Thanks guys. Smokers are foreign to me. I'm not sure I want to go there, at least not right now. The reason I don't just continue using my El-Cheapo-Weber-Style-Kettle-Charcoal grill, beside the fact that next time a bird sits on it it will fall apart from years of rusting, is time. I have a one year old, which means time is now a luxury.
Needs
None. Let's be honest, I don't NEED anything. I have this 10 year old $150 rusty crap gas grill that a friend gave me a few years back, and 85% of the time it does just fine. I've entertained large crowds with it despite its 58 sq inches cooking surface (ok so I'm exagerating a bit, but the thing is tiny).
Hopes
I guess my hopes is to keep getting better at it, keep getting better at it, keep getting better at it. I love food, and I want to make people around me love it to. I married a die-hard vegetarian, who I've since convinced to eat chicken, filet mignon, ham, bacon, pork chops, braised pork butt, sausages, meatballs etc... just because "it smells soooo good in this kitchen" as she says. That's my pride - I guess my hope is that one day she'll enjoy a rare duck breast or leg of lamb? One can dream.
Wifely Constraints
Honestly I don't really understand that. If my wife gave me constraints I probably wouldn't be with her. I can do whatever I want, and I don't have to convince her. The only constraint is that she wants her steak well done and with lots of cayenne, and she wants her chicken breast dry, boneless and skinless. But if tonight I tell her "look honey I finally bought that kalamazoo grill", the only thing she'd reply would probably be "Hmmm it's not that pretty - didn't they have it in red or something?" :smoking: Guess I'm lucky that way.
Budget
I keep going back and forth on that one. On one hand paying $1,000 for a gas grill seems like way too much money to me, on the other hand I dream of one day building a custom made outdoor kitchen. But somewhere between my old rusty 58 sq inches gas grill and my custom outdoor kitchen lies reality, and that's probably the $1,000 gas grill - or something close.

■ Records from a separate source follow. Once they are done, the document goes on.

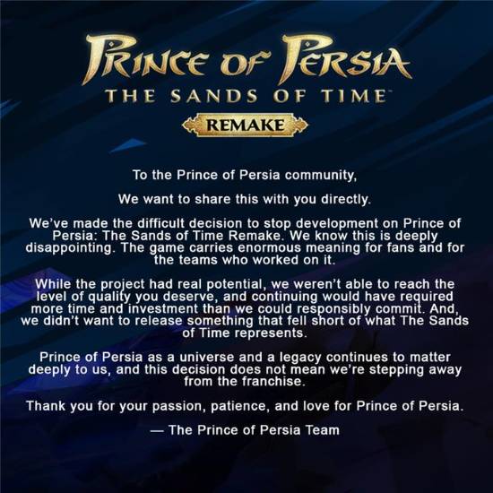 今日上午,育碧正式确认终止波斯王子:时之砂重制版的开发工作。这一决定令全球大量长期关注该项目的玩家深感震惊与失落。
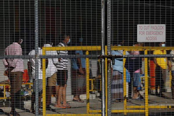Phát thức ăn cho người dân lao động Singapore tại khu cách ly
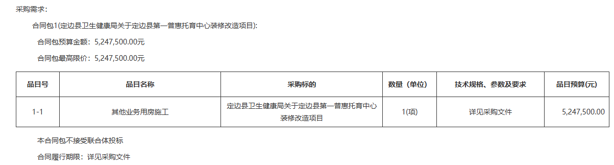 | 1-1 | 其他业务用房施工 | 定边县卫生健康局关于定边县第一普惠托育中心装修改造项目 | 1(项) | 详见采购文件 | 5,247,500.00 | |||||||||||||
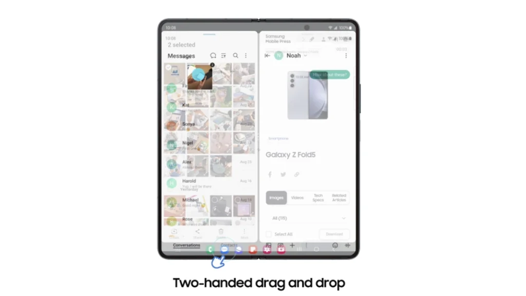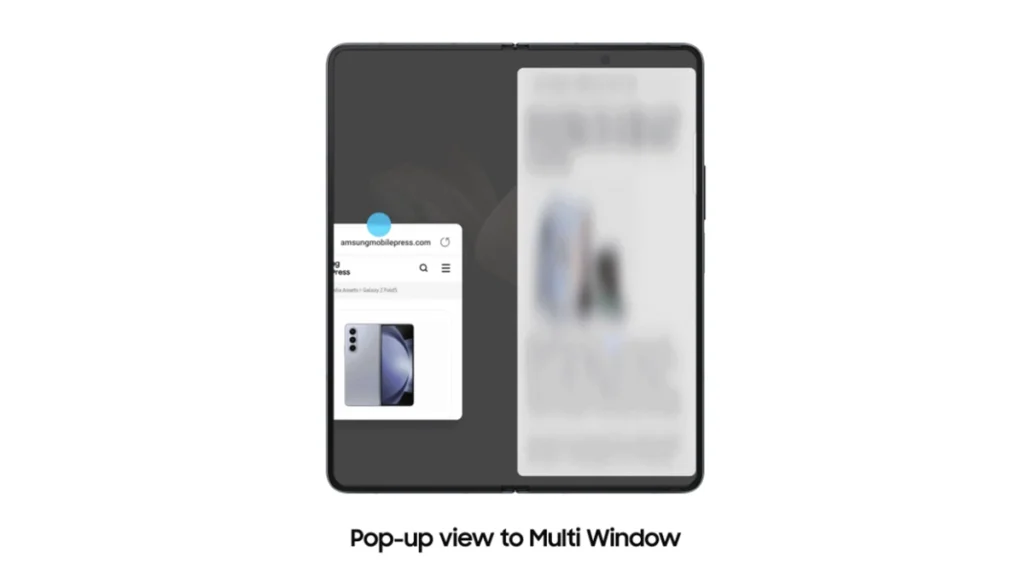 在 One UI 5.1.1 中,使用 Galaxy Fold 系列和平板电脑的用户可以将弹出视图更改为多窗口视图。当应用程序在弹出窗口中打开时,您可以将其向左、向右、向上或向下拖放,它将在屏幕的一半区域中打开。
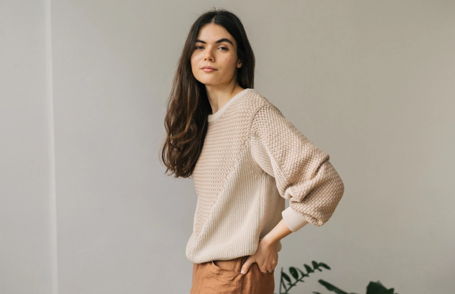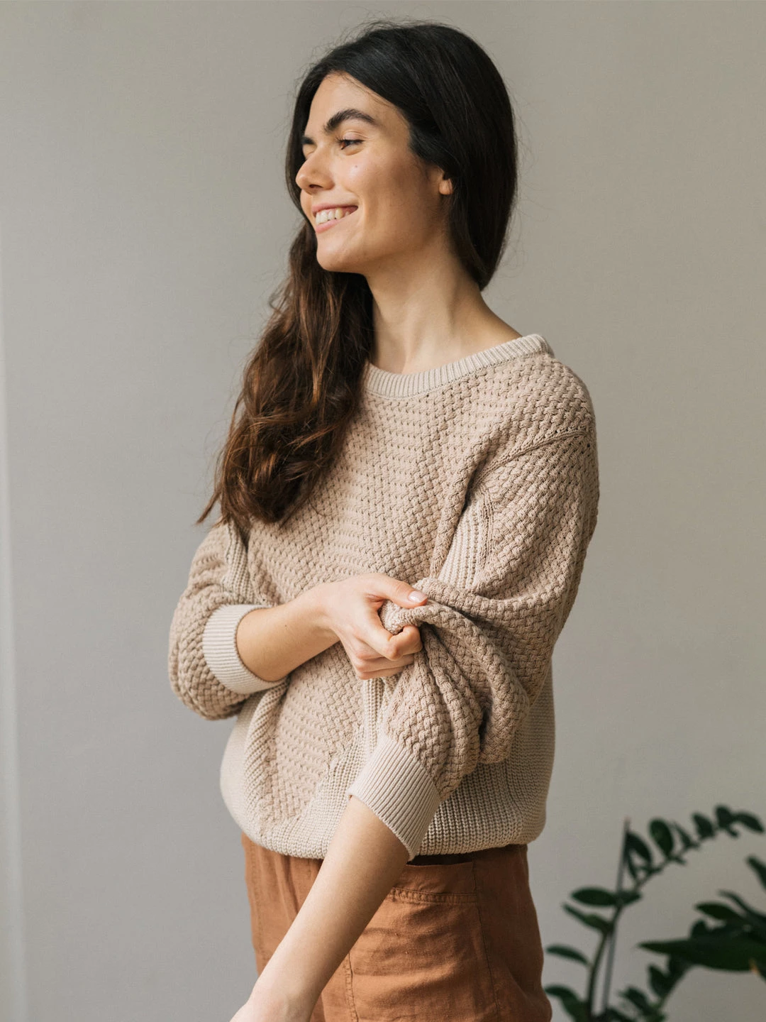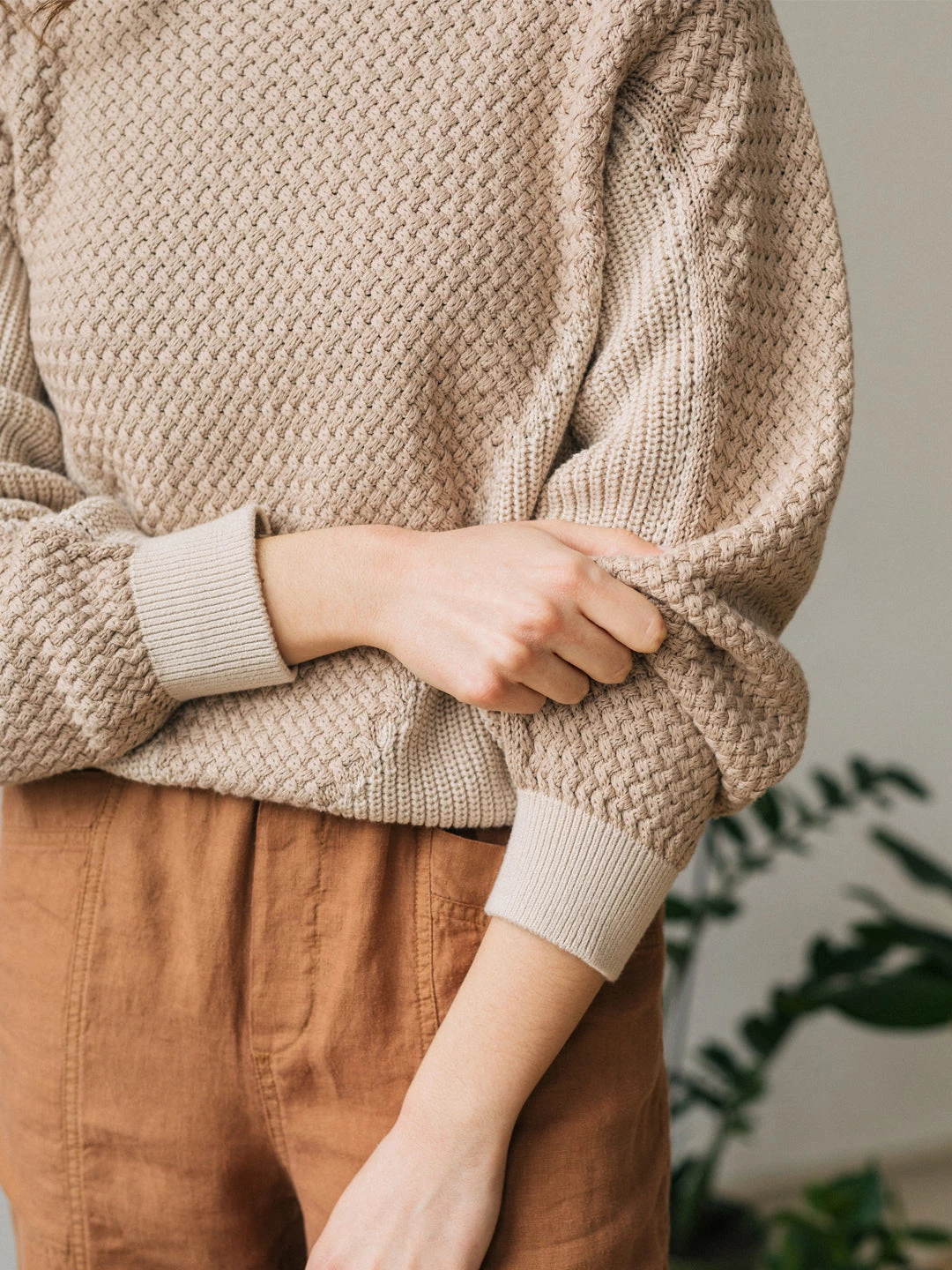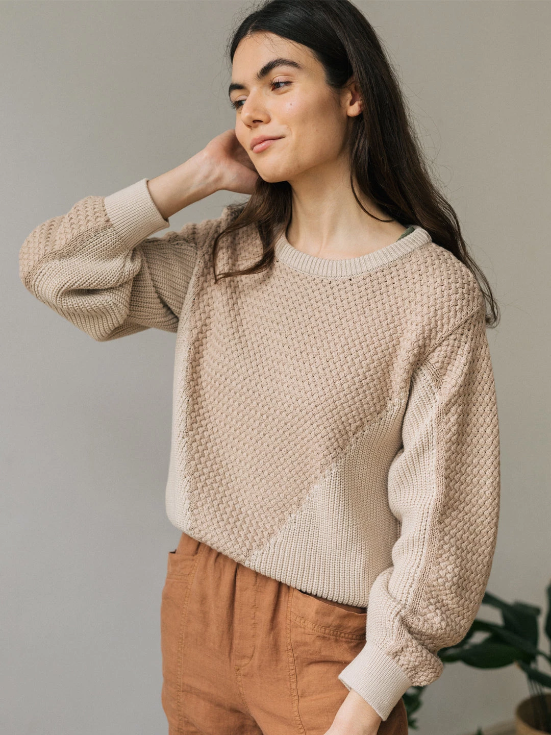 A beautifully woven knit with a criss-cross effect: meet the Marshall. It’s a soft garment with a triangular geometric design, dropped shoulders and a ribbed pesticide free fabric. It comes in a fairly loose fit and hip-length cut.Â

I grew up in the Alps, in France. To my friends and I, when we were 16, going out meant grabbing a sleeping bag, a guitar, some merguez and some steaks, and going up into the mountains. We knew a few magical places where we had an incredible view of the valley, we would gather wood, put stones in a circle, thread those merguez onto wood sticks, slap those steaks onto one of the flat stones around the fire, and we felt like a million bucks.

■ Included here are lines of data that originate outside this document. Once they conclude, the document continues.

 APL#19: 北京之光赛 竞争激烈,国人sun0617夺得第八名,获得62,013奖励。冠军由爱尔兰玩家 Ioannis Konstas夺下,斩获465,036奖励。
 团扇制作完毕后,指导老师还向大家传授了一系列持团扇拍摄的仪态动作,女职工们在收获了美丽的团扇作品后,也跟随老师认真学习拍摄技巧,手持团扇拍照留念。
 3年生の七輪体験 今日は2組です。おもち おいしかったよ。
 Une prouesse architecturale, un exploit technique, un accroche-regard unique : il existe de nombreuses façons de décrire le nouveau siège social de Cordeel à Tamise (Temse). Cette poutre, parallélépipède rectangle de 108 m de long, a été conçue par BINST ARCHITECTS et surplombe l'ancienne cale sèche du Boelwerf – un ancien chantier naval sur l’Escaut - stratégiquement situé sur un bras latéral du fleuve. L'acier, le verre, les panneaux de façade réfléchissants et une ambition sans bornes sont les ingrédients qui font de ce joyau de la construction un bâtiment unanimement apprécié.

Now I would love to recreate that experience - or something close.
I really tend to think that you're right BDL: I need two grills. One for when time is of the essence, one for the real wood fire experience.
So here's what I'm thinking now.
1) A gas grill: Broil King Sovereign XLS 90
I saw you recommend that grill a while ago and it seems to have everything I "need" and more, plus right now it's on sale for $715.

2) A wood fire pit.
I was originally considering having one built, but I'm not sure how easy/pricy that would be? Another way would be to get something like that, but I'm a bit wary of spending $500 on a made-in-china piece of equipment I've never seen in person.

BDL, you're in L.A., maybe you'd know a place where I can buy a serious wood fire pit? Or maybe I should just have someone build me one. My concern with those is, how do you get the ashes out of the pit? Shovel them out?
Anyway, that's where I'm standing as of now. :thumb:
Thanks so much for sharing ideas and pointers guys.